Doctors in the eighteenth and nineteenth centuries reported success with their treatment of their unnamed nymphomania patients. And now, certainly many people seem to feel some benefit from
putting a name – sex addiction – to their behaviour and going through some kind of therapy for it.

But just because people claim that something works doesn’t mean it
works in the way they think. Treatment is comforting. I have trouble sleeping from time to time; I
find baths help. Feeling better after a hot bath doesn’t mean the bath ‘cured’ anything in and of itself. I was not suffering from a deficiency of hot water. It seems more likely
the bath is a kind of displacement activity that makes me feel less anxious, so I can go to sleep.

Whether it’s medical intervention or therapy, people seem to improve when they think something is being done. This is powerful and not to be dismissed; we know it as the placebo effect. A
pill that contains no active ingredients can produce a result in some patients, if they simply believe that it will work. Power of positive thinking and all that.

Without doubt, for nineteenth-century middle-class women diagnosed as mild nymphomaniacs, talking to someone about their thoughts and having a cool bath was very reassuring. But that approach
– and the more extreme treatments that could follow – seems to have done little for the cases observed in institutions, where there was probably a severe and underlying disorder at
work.

The National Association of Sexual Addiction Problems says, ‘Most [sex] addicts do not break the law, nor do they satisfy their need by forcing themselves upon others.’ Respected sex
therapist Marty Klein says, ‘It’s important to remind people that feeling out of control is not the same as being out of control.’ Surely if many of the so-called sex addicts were
truly uncontrollable, we’d be reading ‘Tiger Woods convicted of assault’ instead of ‘Tiger Woods, cheater’.

If sex addiction appears not to have a diagnostic basis, then why do things like the DSM-IV designation for hypersexuality exist at all?

Perhaps because unmanageable sexual urges do exist, although far more rarely than in 6 per cent of the population, and rarely in isolation from other disorders.
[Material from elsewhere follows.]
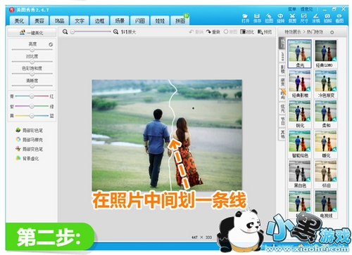 第二步:在图片的适合位置随意划一道白线,注意不要太规则,制造出撕裂的裂痕效果。

For example, there are people
with mental disorders, and sometimes, other physiological conditions, who express sexual desire far beyond the boundaries of what is considered normal. This is quite different in degree to your
average cheater. Even a very prolific one.

A friend of mine once worked as a nurse in a care home for young people with Prader-Willi syndrome. Prader-Willi is a genetic disorder, caused by a partial deletion of chromosome 15. Features of
the
syndrome include a host of physical characteristics, as well as learning difficulties, speech and sleeping disorders, and most markedly, polyphagia – overeating to
an extreme degree. And extreme doesn’t mean ‘Oops, I finished all the ice cream, tee hee.’ She described how the home could not even have scented soap, as the patients might think
it smelled like food, and eat it. Food cupboards were naturally locked and monitored. The residents literally could not help themselves.